傘をさして歩く人たち=25日午前、大分市中心部

 九州北部が梅雨入りして二十五日で十五日目。梅雨に雨が降るのは当たり前だが、今年は平年に比べて、二倍を超える雨が降っており、降水量の多い梅雨となっている。

 大分地方気象台によると、今月五日から二十四日まで二十日間の降水量は▽日田市椿ケ鼻 七五一・五ミリ▽竹田 五〇七ミリ▽玖珠 四八一・五ミリ▽由布市湯布院 四八〇・五ミリ▽大分 三四三ミリ―と各地とも平年の二倍前後。竹田は二・四倍になっている。
 梅雨と言えば、始めは長雨が降り続き、後半から終わりにかけてまとまった雨が降る―という印象が強いが、「今年は梅雨前線が九州付近に停滞し、大気の状態が不安定なため、短時間に大量の雨を降らせている」と同気象台。

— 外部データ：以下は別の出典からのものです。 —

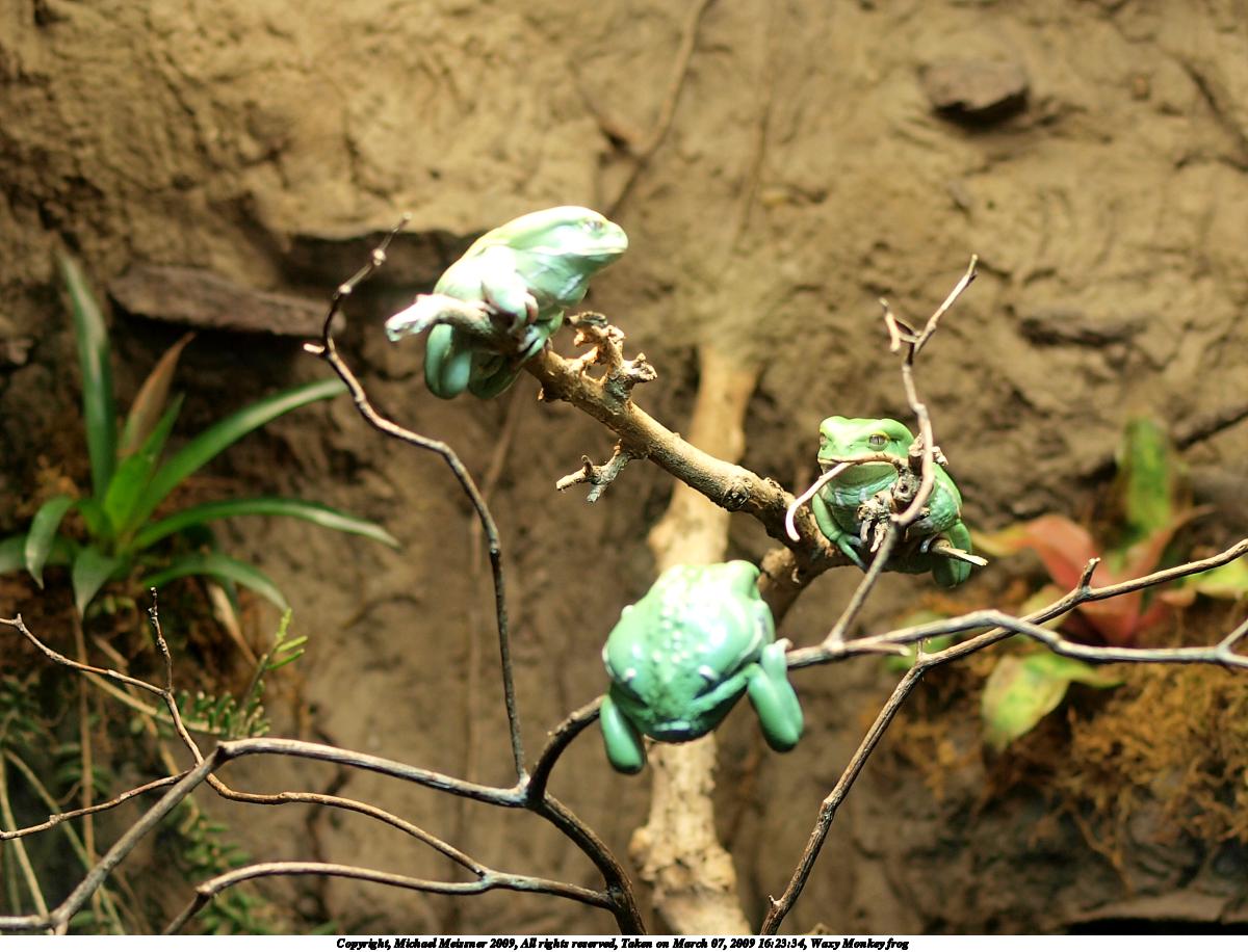 Picture #15: Waxy Monkey frog #2 1200x916, 129,340 bytes (127K), (html file) Copyright, Michael Meissner 2009, All rights reserved Olympus E-3 camera with Olympus 50mm f/2.0 lens f/2.0, ISO 125, 1/100 sec, 50.0mm, auto mode, natural color, matrix metering, IS1 (All Direction Shake IS) 35mm equivalent focal length 100.0mm Extra equipment used: shot through glass Programs used: gimp Taken by Michael Meissner on March 07, 2009 16:31:53 Last modified on March 08, 2009 at 15:40 |

 特に大雨・洪水警報や注意報を出すときの目安となる土壌雨量指数は、一度水を含むと下がりにくい。今までの雨で地盤が緩んでおり、今後、少量の雨でも土砂災害になりやすいので、注意が必要という。
 雨が多いため、日照時間も平年の三分の一程度と少なくなっている。このまま雨や曇りが続くと、心配されるのが農作物への影響。県研究普及課は「この後一週間程度、雨が続けば、実のつき具合など農作物の生育に影響が出てくる」と話す。
 二十五日の夜から二十六日の朝にかけてまとまった雨が降る見込み。台風6号の進路によっては、週末にかけて大雨も予想される。

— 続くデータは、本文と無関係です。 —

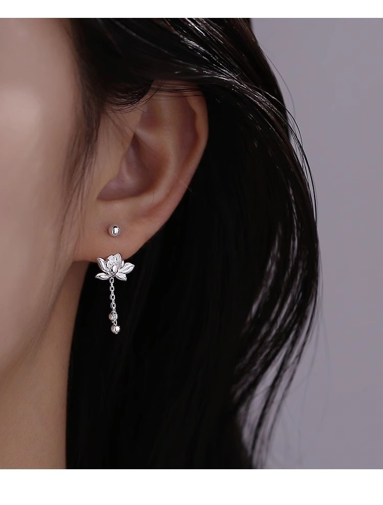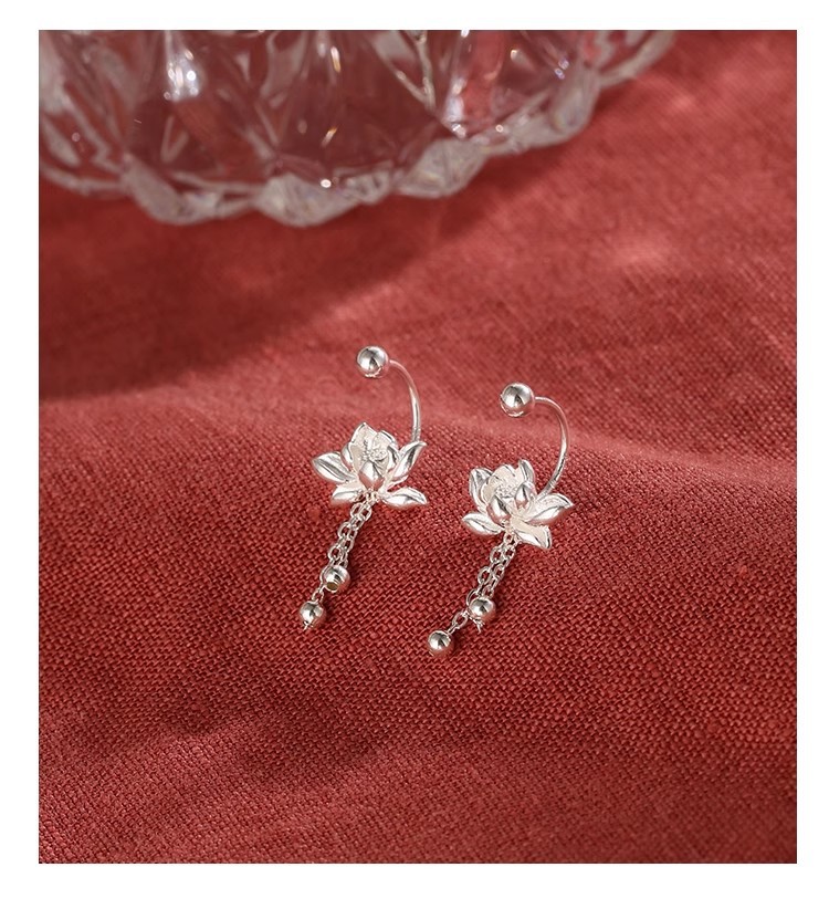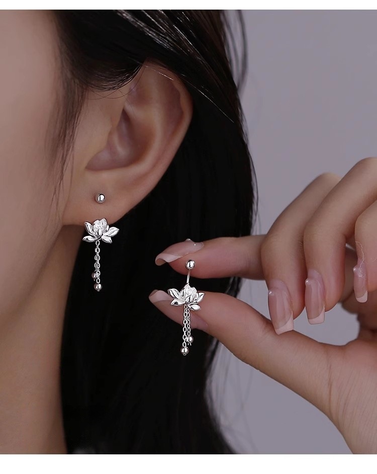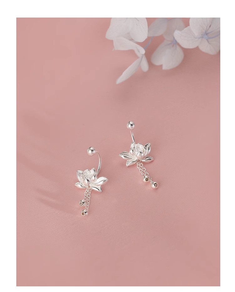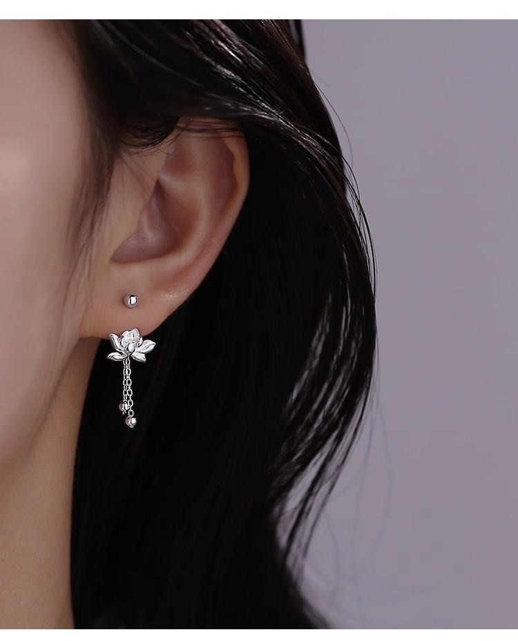 925 Silver Needle Lotus Earrings For Women

 平年の梅雨明けは、七月十八日。まだしばらくは梅雨空と付き合うことになりそう。

 土壌雨量指数
 雨が土壌中にどれくらいたまっているか表す指数。これまでの「24時間雨量」に代わって、川の流域で降った雨が、川に流れ込んだ量を示す「流域雨量指数」とともに、大雨・洪水警報や注意報の指標として、5月28日から新たに導入された。